# Crazy Chickies!



## happybooker1 (Nov 5, 2012)

I have 15 chicks 3-4 weeks old. I put a whole weed I'd pulled up into their box. They went CRAZY-- like it was gold or something!! Silly chicks!


----------



## robopetz (Oct 16, 2012)

Haha cute! Reminds me of the first time I gave my silkie a mealworm.


----------



## DansChickens (Sep 14, 2012)

That's how my all my chickens are if I put extra hay in there laying boxes they will go in there and scratch it all out in the bottom of the coop to where they can bury thereself in it


----------



## fuzziebutt (Aug 7, 2012)

Go to a bait shop and buy a tube of crickets, and turn those loose where the chicks can get to them.
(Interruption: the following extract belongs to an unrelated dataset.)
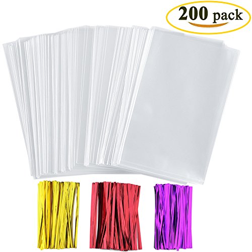 Specifications: Bag size: 6 x 9 inches 1.4 mils thickness Bag color: clear Bag material: opp Twist tie length: 4 inches/ 10 cm Twist ties colors: gold, silver, red, green, blue, purple Package includes: 200 x Cello bags 200 x Twist ties 0
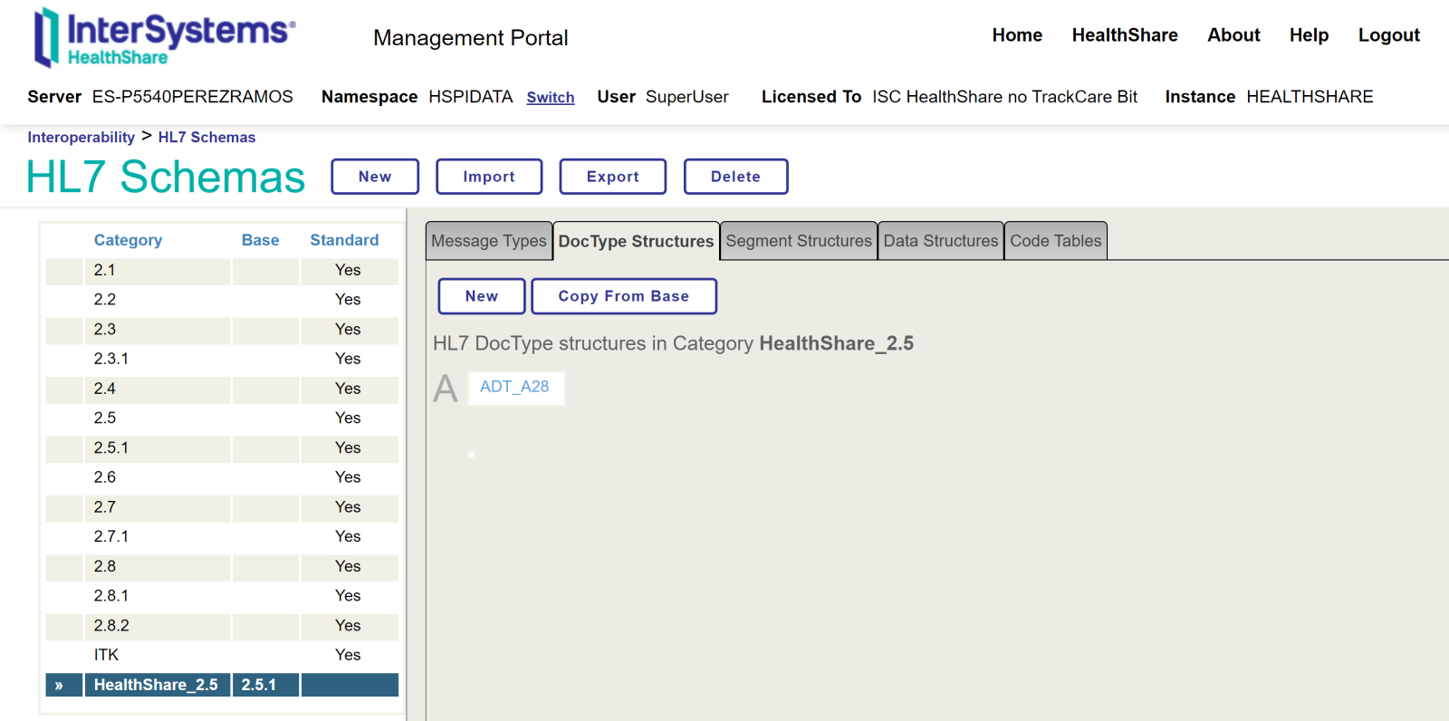 En nuestro ejemplo usaremos un mensaje A28 al que añadiremos un nuevo segmento con la información del tipo sanguineo. Para ello vamos a crear un nuevo esquema basado en el esquema estándar 2.5.1 y vamos a crear un nuevo DocType para el tipo de mensaje A28.

That is fun to watch. At first, they are afraid of the crickets, then one gets brave enough to catch one, then it's a game of keep away, then they all start catching and eating crickets, all while I'm jumping and screaming like a little girl because crickets are on me!! Just fun for all!!


----------



## PhatJack (Apr 3, 2013)

I give live mealworms to my friend's chickens when I visit them and they love me! haha! Sometimes I just go to visit my friends and they start making all this noise wanting to come to me! The chickens that is... haha!



robopetz said:


> Haha cute! Reminds me of the first time I gave my silkie a mealworm.


----------



## robopetz (Oct 16, 2012)

Yes, it's like they go into panic and the world will end unless they get that meal worm. Lol too funny!


----------